Пусть и невелика вероятность такого поворота событий, тем не менее, случись что, в казематах Кайтемпи досадовать на промахи будет поздно.

Изрядно напетляв и уверившись, что теперь даже самая опытная ищейка собьется с ног, но не сможет проследить его извилистый путь, Моури забрал из камеры хранения кейс и отправился в свои новые апартаменты — две дурно пахнущие клетушки на четвертом этаже полуразвалившегося доходного дома. Там он провел остаток дня, приводя антисанитарную конуру в божеский вид.

Хозяин дома, человечек с бегающими глазками, без вопросов принял его как Гаста Харкина — железнодорожника, честного труженика, немного рассеянного и достаточно глупого, чтобы в срок платить за снятые комнаты.

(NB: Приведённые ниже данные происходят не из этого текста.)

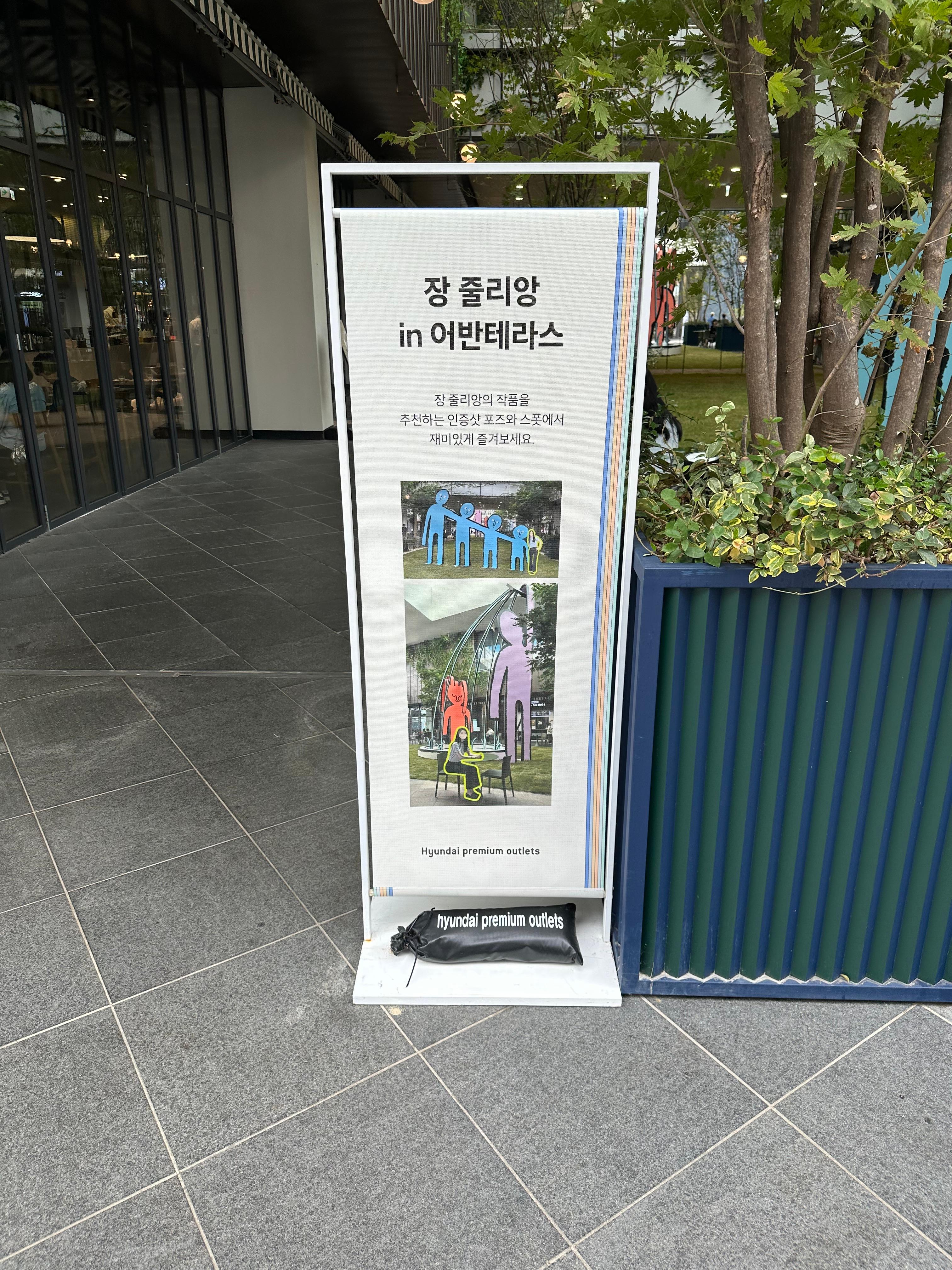 작년 10월에는 현대프리이엄아울렛 1층에는 장줄리앙 in 어반테라스라는 야외 전시가 있었는데요. 장줄리앙의 작품을 추천하는 인증샷 포즈와 스폿에서 인증샷과 함께 추억을 남길 수 있다고 해요. 불과 2전에 갔을 때도 장줄리앙 in 어반테라스는 그대로 전시하고 있었습니다. 송도가 10년전에 비하면 사람들이 더 찾아와서 즐기고 놀 수 있도록 변한 것 같습니다.
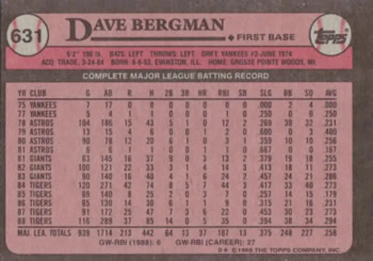1989 Topps #631 Dave Bergman NM-MT Detroit Tigers Baseball Card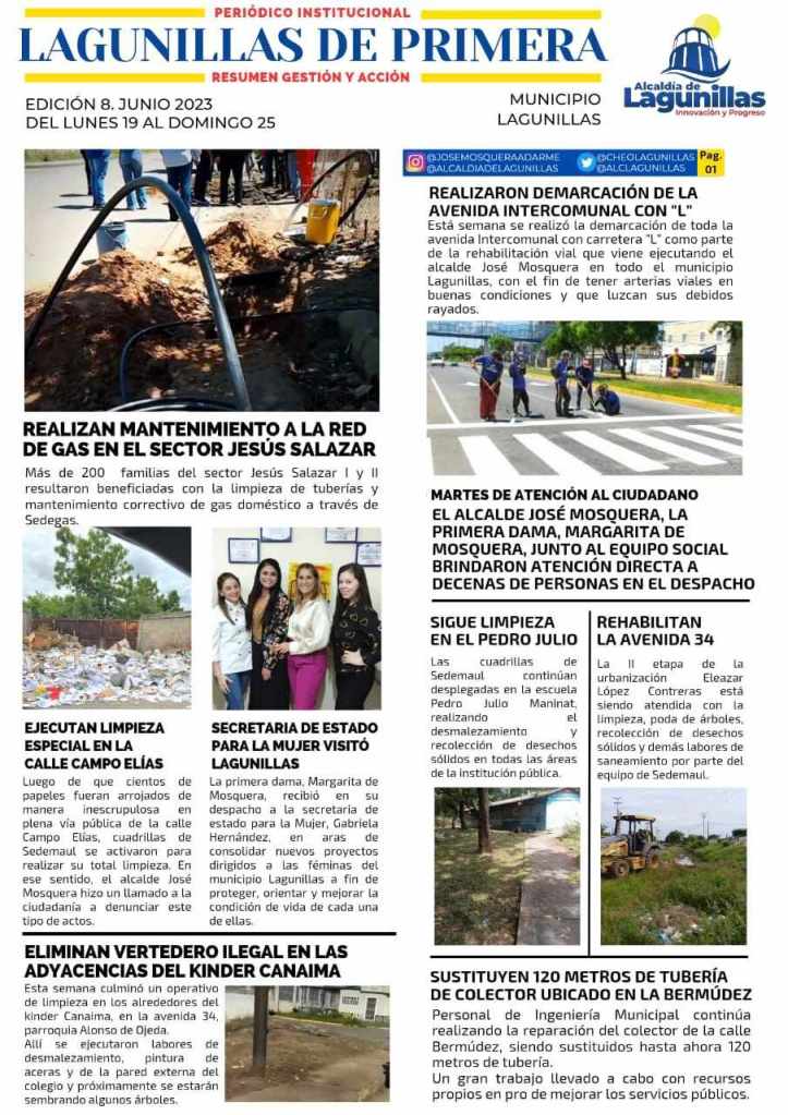 Municipal Lagunillas de Primera. Semanario digital con información destacada del alcalde José Mosquera Edición #8 Fecha: 27 junio, 2023Autor/a: Crítica24 0 Comentarios View this post on Instagram A post shared by Critica24 (@critica24oficial) Comparte esto: Compartir en X (Se abre en una ventana nueva) X Comparte en Facebook (Se abre en una ventana nueva) Facebook Compartir en LinkedIn (Se abre en una ventana nueva) LinkedIn Compartir en Telegram (Se abre en una ventana nueva) Telegram Compartir en WhatsApp (Se abre en una ventana nueva) WhatsApp Me gusta Cargando...

Разделавшись с уборкой, Моури вышел купить вечерние газеты. О вчерашних событиях там не было ни строчки. Сначала он несколько огорчился, но, поразмыслив, решил, что это даже к лучшему. Ни один уважающий себя журналист или более-менее приличный редактор не упустил бы такой материал, а значит, не обошлось без давления сверху. Кто-то, наделенный немалой властью, прихлопнул публикацию тяжелым кулаком цензуры.

Да, всполошились, видно, господа из Кайтемпи, забеспокоились, заерзали в своих креслах. Что ж, это только начало, так сказать, оса крылышком махнула. То-то будет дальше. И чем упорнее молчат «наверху», тем красноречивее пересуды «внизу»; растет недоверие к правительству. «Что опять они от нас скрывают?» — уже завтра, Моури не сомневался, тысячи горожан зададутся этим вопросом. «Дирак Ангестун Гесепт» — эти три слова будут вертеться на языках десятков тысяч достопочтимых сирианцев, и все потому, что власти струхнули и сидят, как в рот воды набравши.

«Нет причин для страхов», — говорит правительство. Но кто ему поверит, когда оно боится признать столь пустячный фактик? А ведь шила в мешке не утаишь.

Если не бороться с заразной болезнью — само собой, вспыхнет эпидемия. Моури решил ускорить процесс распространения антивоенной бациллы и очередную вылазку предпринял в Редайн — небольшой городок с населением не более трехсот тысяч человек, расположенный в сорока двух милях к югу от Пертейна; райцентр с собственной электростанцией, бокситными шахтами и заводом по производству алюминия.

Утренний поезд был битком забит угрюмыми работягами, самоуверенными чиновниками, измученными солдатами, какими-то бесцветными бесполыми личностями — людьми, движимыми нуждами военного времени. Напротив Моури восседал свиноподобный тип с жирной харей — живая карикатура на министра пищевой промышленности — и томно, с барским равнодушием взирал на проносящиеся за окном пейзажи. Не прошло и пяти минут, как Свинорылый уже храпел, запрокинув голову и широко раскрыв рот. Во сне он еще больше напоминал борова, и у Моури руки чесались заткнуть его пасть апельсином.